Each agent gets room usage instructions via Claude Code's project-scoped config at:
```
~/.claude/projects/<workspace-path-hash>/CLAUDE.md
```

This is written by the entrypoint (on container start) and by `agent add`. Content is templated from `sandbox.toml`:

```markdown
# Room Agent Instructions

You are agent `{agent_name}` in room `{room_name}`.

## Communication
- `room send <message>` — send a message to the room
- `room poll` — check for new messages
- ...
```

This approach has zero impact on the target repo — no files added, no git diff noise.

---

## Docker Assets

All Docker assets live inside `.room-sandbox/` and are generated from `sandbox.toml`.

### Dockerfile

Uses build args for feature flags.

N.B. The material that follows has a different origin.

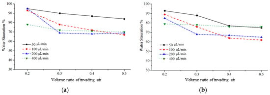 Figure 9 shows the evolution of water saturation versus the volume ratio of the injected air, which is the ratio of the total injected air volume to the total pore volume of the micromodel. Because during the water extraction, air also moves out of the micromodel via the inlet, the amount of water extracted cannot be estimated only from the extraction rate of the syringe pump. Nevertheless, we can estimate the injected-air volume during the water-extraction experiments. Therefore, we use the volume ratio of the injected air for all experiments, as shown in Figure 9. For air injection, the water-saturation-decreasing rate increases with the air-injection rate. At injection rates higher than 100 μL/min, the residual-water saturations all converge to approximately 70%. For water extraction, the water-saturation-decreasing rate increases with the air-injection rate. Nevertheless, at the extraction rate of 400 μL/min, the water distribution reaches an equilibrium quickly, with water saturation of approximately 80%. This is because the preferential air path is readily formed at the beginning of the experiments.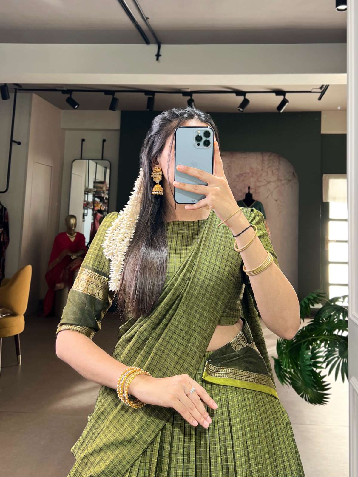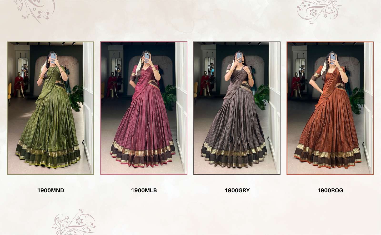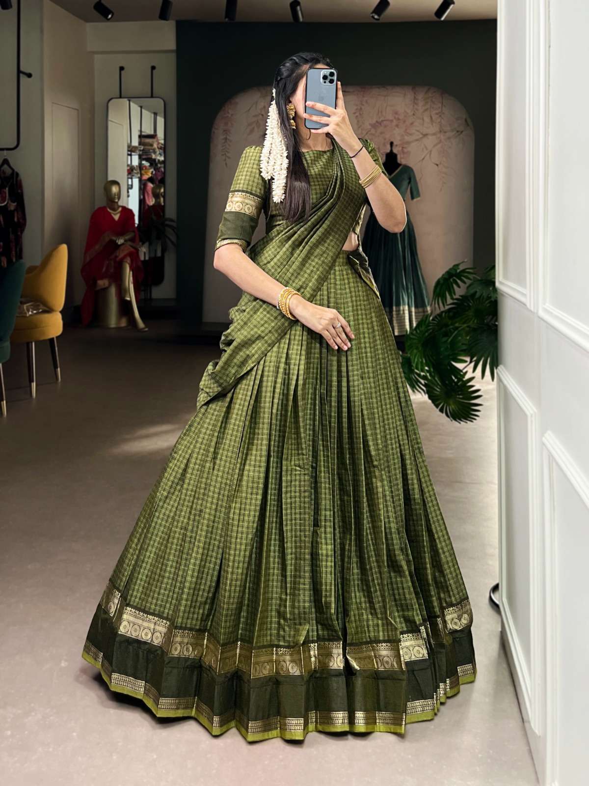 From its earthy tones to its intricately woven borders, every detail in this Chettinad cotton lehenga whispers tales of craftsmanship and timeless elegance

No commenting in/out — conditional `RUN` blocks:

```dockerfile
ARG INSTALL_RUST=false
ARG INSTALL_NODE=false
ARG INSTALL_PYTHON=false
ARG INSTALL_GLOW=false
ARG INSTALL_CLAUDE=false
ARG INSTALL_CODEX=false
ARG INSTALL_GEMINI=false

FROM rust:bookworm

# Base dependencies (always installed)
RUN apt-get update && apt-get install -y \
    git openssh-client curl jq tmux pkg-config libssl-dev gosu sqlite3 \
    && rm -rf /var/lib/apt/lists/*

# Conditional: Node.js
RUN if [ "$INSTALL_NODE" = "true" ]; then \
      curl -fsSL https://deb.nodesource.com/setup_22.x | bash - \
      && apt-get install -y nodejs \
      && corepack enable && corepack prepare yarn@1.22.22 --activate \
      && npm install -g turbo; \
    fi

# Conditional: Python
RUN if [ "$INSTALL_PYTHON" = "true" ]; then \
      apt-get update && apt-get install -y python3 python3-pip python3-venv \
      && rm -rf /var/lib/apt/lists/*; \
    fi

# Conditional: glow
RUN if [ "$INSTALL_GLOW" = "true" ]; then \
      curl -fsSL https://github.com/charmbracelet/glow/releases/download/v2.1.0/glow_2.1.0_linux_amd64.tar.gz \
      | tar xz -C /usr/local/bin glow; \
    fi

# Conditional: Claude Code
RUN if [ "$INSTALL_CLAUDE" = "true" ]; then \
      npm install -g @anthropic-ai/claude-code; \
    fi

# ... etc for codex, gemini

# room + room-ralph (always installed)
RUN cargo install room-cli room-ralph
```

The CLI generates `docker-compose.yml` with the correct `build.args` based on `sandbox.toml`.

### docker-compose.yml

Generated from config. Auth/SSH mounts are conditional:

```yaml
services:
  sandbox:
    build:
      context: .
      args:
        INSTALL_RUST: "true"
        INSTALL_NODE: "true"
        # ... from sandbox.toml [environment]
    container_name: sandbox-my-sandbox
    volumes:
      - ./workspaces:/mnt/sandbox-root
      - claude-data:/home/agent/.claude
      - cargo-cache:/usr/local/cargo/registry
      # conditional:
      - ~/.ssh:/home/agent/.ssh-host:ro    # only if mount_ssh = true
    env_file: .env
    # ...
```

---

## State Tracking — `.room-sandbox/.sandbox-state.json`

Written after every successful apply. Used to diff against current `sandbox.toml`.

```json
{
  "applied_at": "2026-03-19T18:50:00Z",
  "config_hashes": {
    "project": "a1b2c3",
    "agents": "d4e5f6",
    "room": "g7h8i9",
    "auth": "j0k1l2",
    "environment": "m3n4o5"
  }
}
```

Each hash is computed from the serialized section content. `apply` compares current hashes to stored hashes to determine what changed.